Records to process Block Start

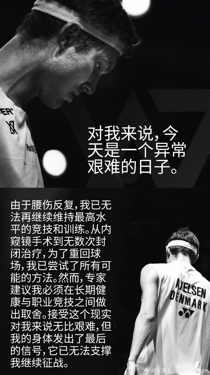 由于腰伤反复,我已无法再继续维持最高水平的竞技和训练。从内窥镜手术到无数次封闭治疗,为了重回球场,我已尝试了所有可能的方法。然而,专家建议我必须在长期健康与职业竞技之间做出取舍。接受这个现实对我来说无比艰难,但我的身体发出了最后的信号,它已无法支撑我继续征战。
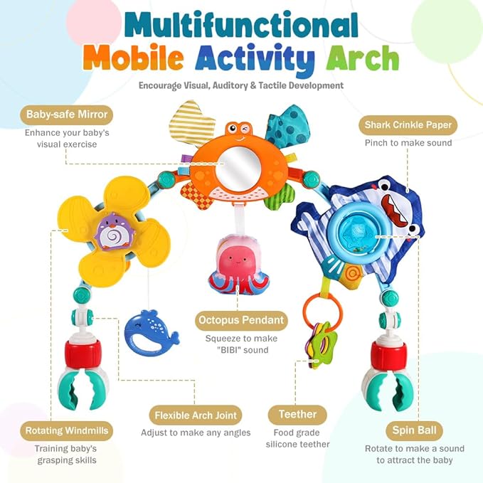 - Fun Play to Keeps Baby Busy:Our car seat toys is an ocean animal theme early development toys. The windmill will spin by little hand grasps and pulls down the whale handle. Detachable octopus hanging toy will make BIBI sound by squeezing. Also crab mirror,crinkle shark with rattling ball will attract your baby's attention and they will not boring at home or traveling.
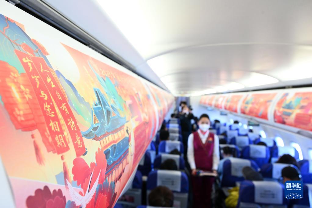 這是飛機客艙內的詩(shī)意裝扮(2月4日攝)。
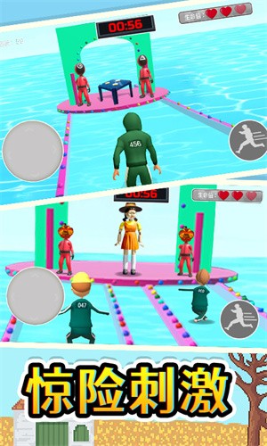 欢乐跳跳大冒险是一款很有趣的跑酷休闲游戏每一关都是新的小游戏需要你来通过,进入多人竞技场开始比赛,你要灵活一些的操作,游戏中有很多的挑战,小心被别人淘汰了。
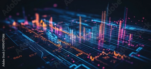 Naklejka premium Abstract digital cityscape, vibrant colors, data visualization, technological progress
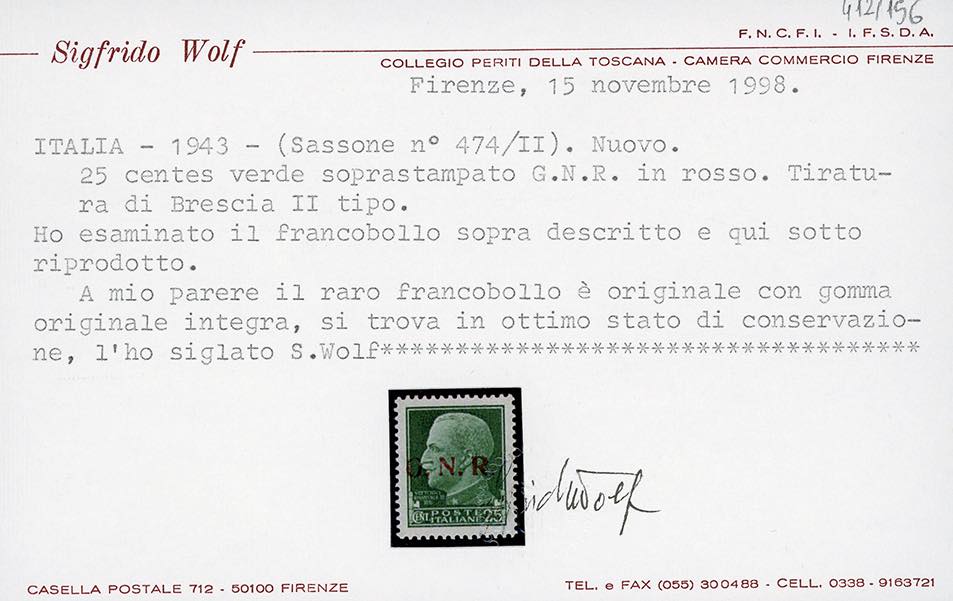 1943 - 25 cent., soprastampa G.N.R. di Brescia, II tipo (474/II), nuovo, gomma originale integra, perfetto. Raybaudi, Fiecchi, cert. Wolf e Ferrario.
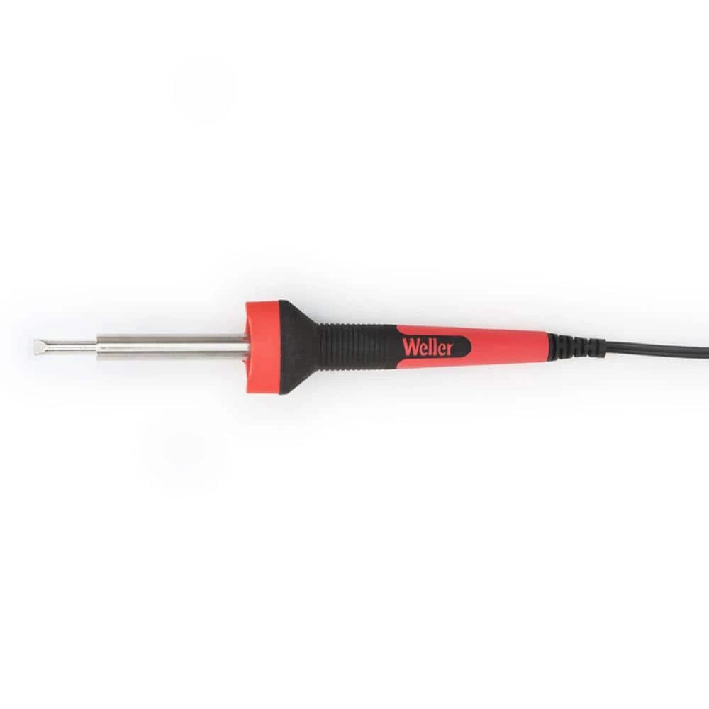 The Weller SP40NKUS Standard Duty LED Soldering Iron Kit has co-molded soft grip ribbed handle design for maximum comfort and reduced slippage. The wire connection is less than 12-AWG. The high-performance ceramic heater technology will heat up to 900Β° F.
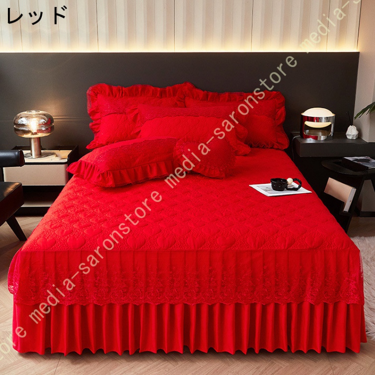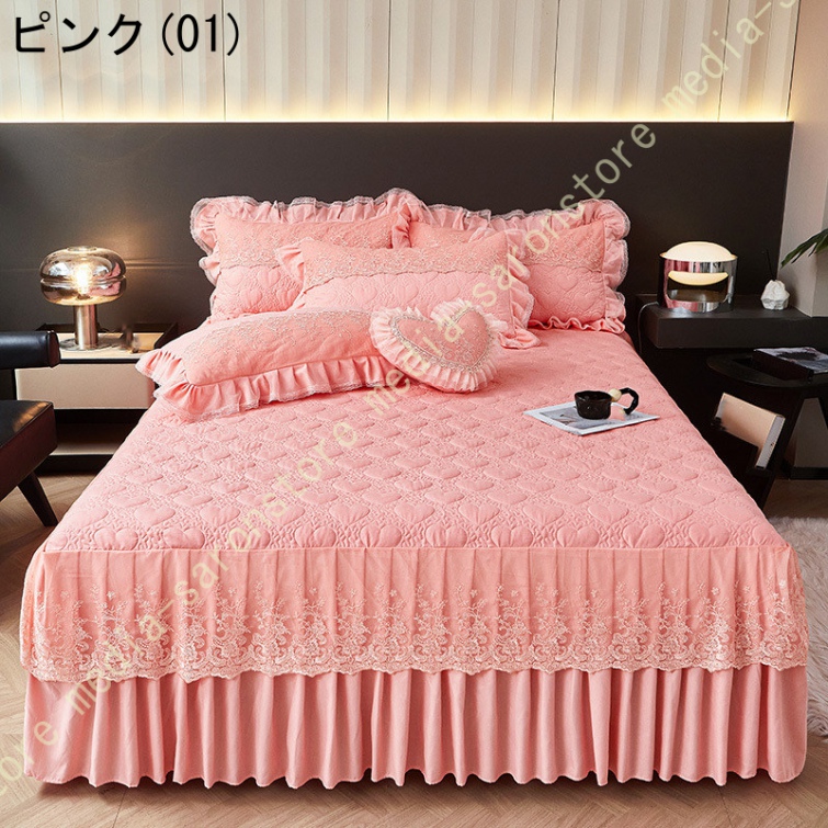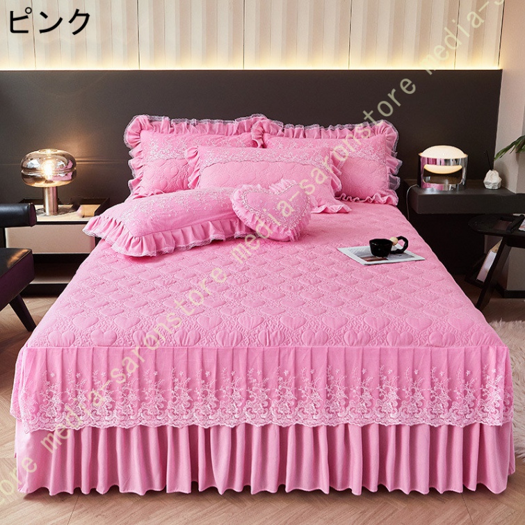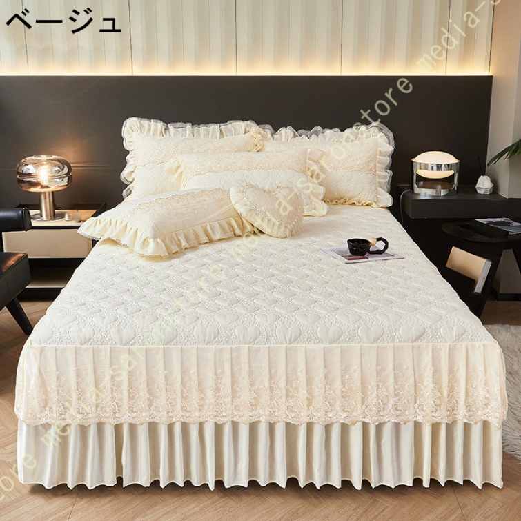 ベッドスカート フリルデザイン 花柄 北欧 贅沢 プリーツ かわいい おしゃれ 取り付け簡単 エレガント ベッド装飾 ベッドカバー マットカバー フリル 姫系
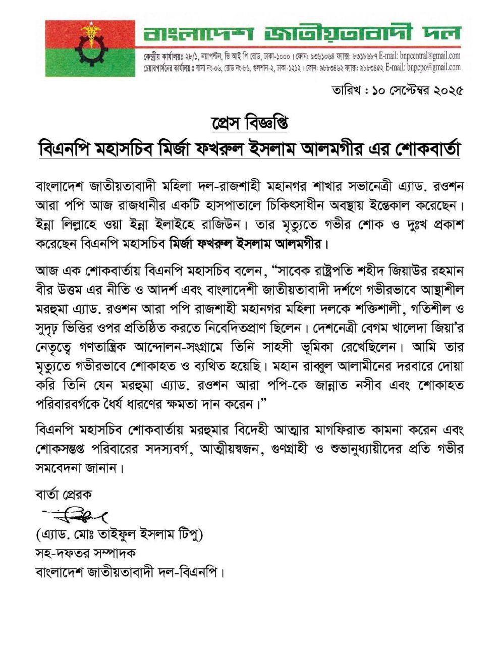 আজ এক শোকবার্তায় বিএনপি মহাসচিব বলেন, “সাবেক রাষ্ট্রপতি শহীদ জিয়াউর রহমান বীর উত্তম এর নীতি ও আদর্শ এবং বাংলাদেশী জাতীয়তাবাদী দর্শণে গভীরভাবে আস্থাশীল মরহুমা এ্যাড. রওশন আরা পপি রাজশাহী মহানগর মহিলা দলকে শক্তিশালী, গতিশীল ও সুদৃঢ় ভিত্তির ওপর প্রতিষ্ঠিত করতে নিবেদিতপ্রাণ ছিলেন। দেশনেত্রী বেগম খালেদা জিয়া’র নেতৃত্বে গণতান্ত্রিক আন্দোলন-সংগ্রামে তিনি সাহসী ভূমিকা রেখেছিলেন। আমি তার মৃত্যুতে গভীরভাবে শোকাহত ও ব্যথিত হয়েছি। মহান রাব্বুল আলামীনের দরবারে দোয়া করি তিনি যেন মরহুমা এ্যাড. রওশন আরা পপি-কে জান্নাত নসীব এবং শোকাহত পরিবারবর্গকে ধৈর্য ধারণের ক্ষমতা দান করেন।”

Records to process Block End
Records to process Block Start

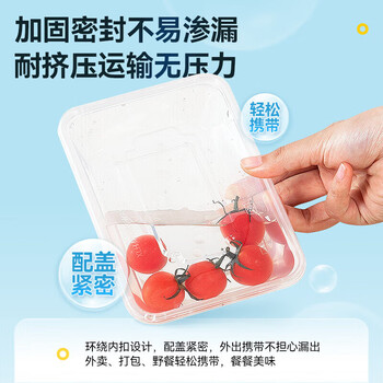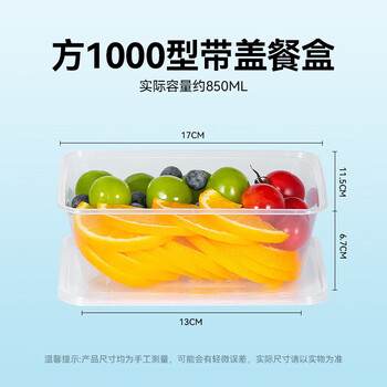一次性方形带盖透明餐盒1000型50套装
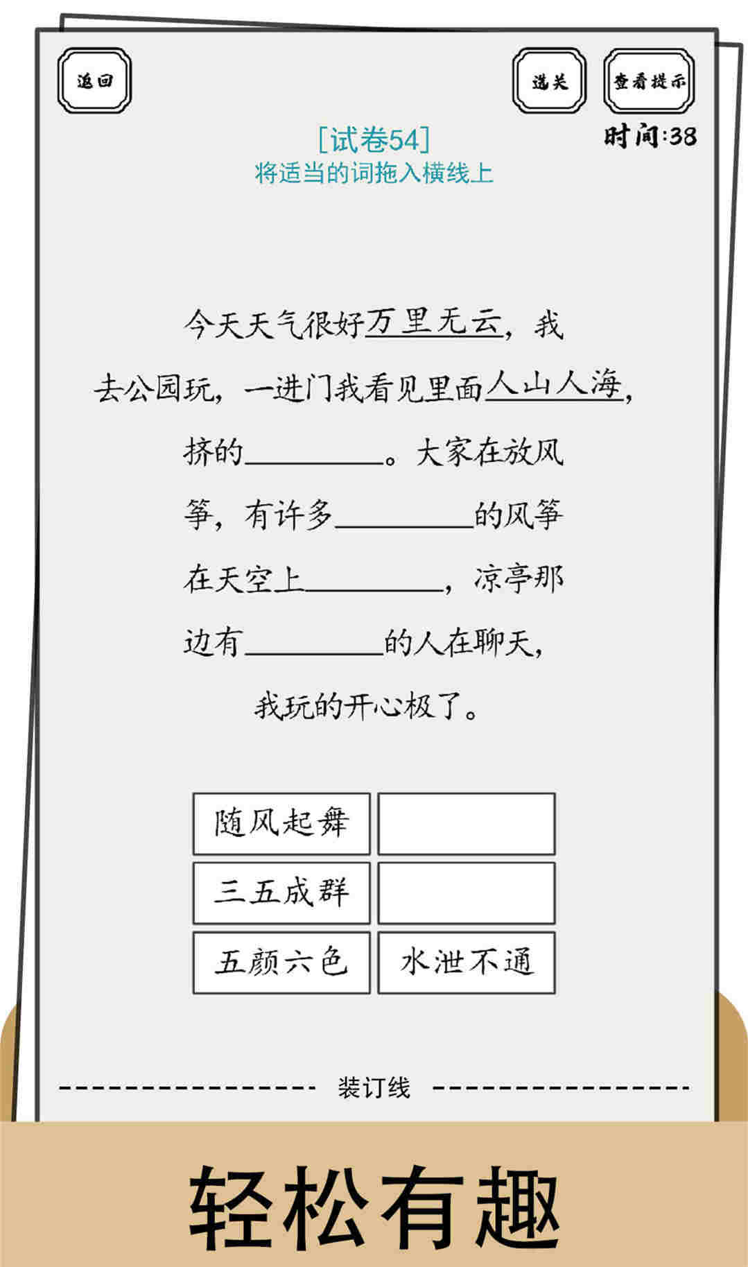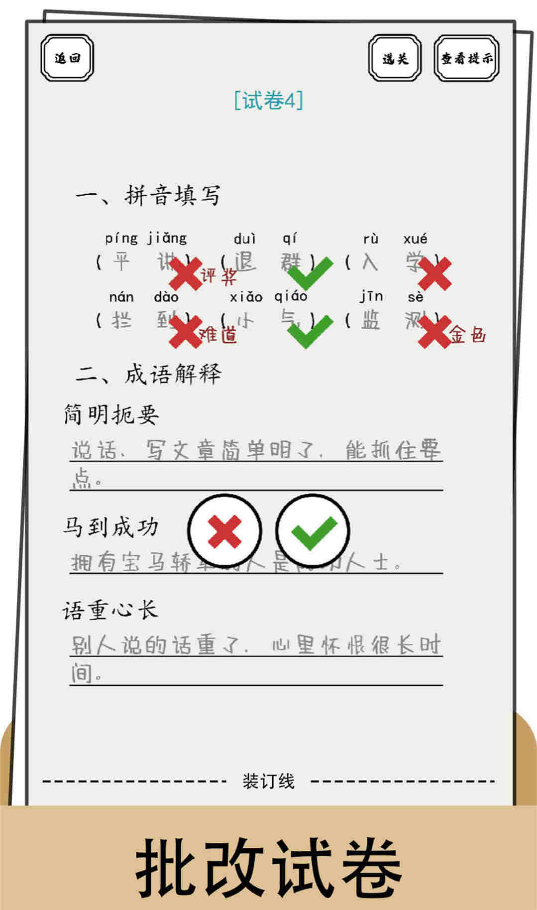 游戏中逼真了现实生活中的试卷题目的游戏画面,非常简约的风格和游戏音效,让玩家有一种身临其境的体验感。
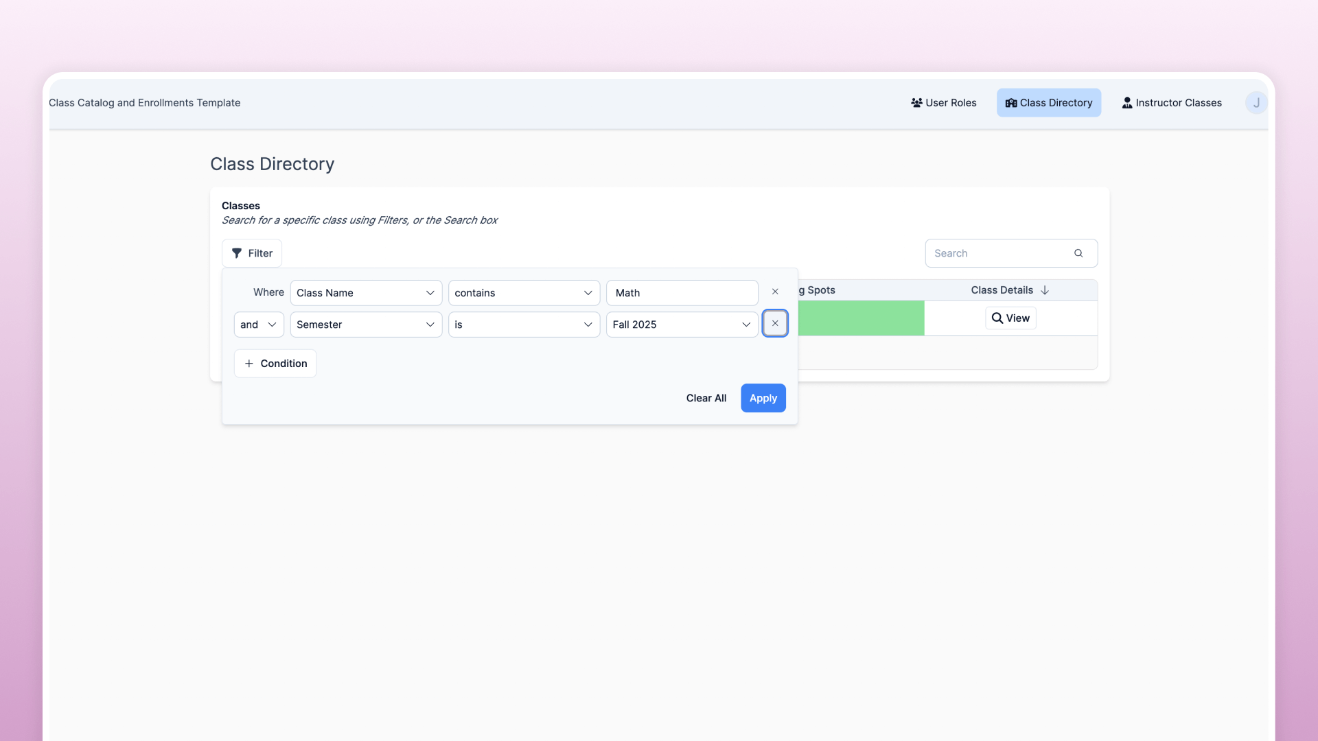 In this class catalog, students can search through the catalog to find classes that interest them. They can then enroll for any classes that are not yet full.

Records to process Block End

* [Your goal]: From the data above, return only the lines starting at the line that holds "1943 - 25 cent., soprastampa" and ending at the line that holds "আজ এক শোকবার্তায়", word for word and without pictures.

* [Written reply]:
 1943 - 25 cent., soprastampa G.N.R. di Brescia, II tipo (474/II), nuovo, gomma originale integra, perfetto. Raybaudi, Fiecchi, cert. Wolf e Ferrario.
 The Weller SP40NKUS Standard Duty LED Soldering Iron Kit has co-molded soft grip ribbed handle design for maximum comfort and reduced slippage. The wire connection is less than 12-AWG. The high-performance ceramic heater technology will heat up to 900Β° F.
 ベッドスカート フリルデザイン 花柄 北欧 贅沢 プリーツ かわいい おしゃれ 取り付け簡単 エレガント ベッド装飾 ベッドカバー マットカバー フリル 姫系
 আজ এক শোকবার্তায় বিএনপি মহাসচিব বলেন, “সাবেক রাষ্ট্রপতি শহীদ জিয়াউর রহমান বীর উত্তম এর নীতি ও আদর্শ এবং বাংলাদেশী জাতীয়তাবাদী দর্শণে গভীরভাবে আস্থাশীল মরহুমা এ্যাড. রওশন আরা পপি রাজশাহী মহানগর মহিলা দলকে শক্তিশালী, গতিশীল ও সুদৃঢ় ভিত্তির ওপর প্রতিষ্ঠিত করতে নিবেদিতপ্রাণ ছিলেন। দেশনেত্রী বেগম খালেদা জিয়া’র নেতৃত্বে গণতান্ত্রিক আন্দোলন-সংগ্রামে তিনি সাহসী ভূমিকা রেখেছিলেন। আমি তার মৃত্যুতে গভীরভাবে শোকাহত ও ব্যথিত হয়েছি। মহান রাব্বুল আলামীনের দরবারে দোয়া করি তিনি যেন মরহুমা এ্যাড. রওশন আরা পপি-কে জান্নাত নসীব এবং শোকাহত পরিবারবর্গকে ধৈর্য ধারণের ক্ষমতা দান করেন।”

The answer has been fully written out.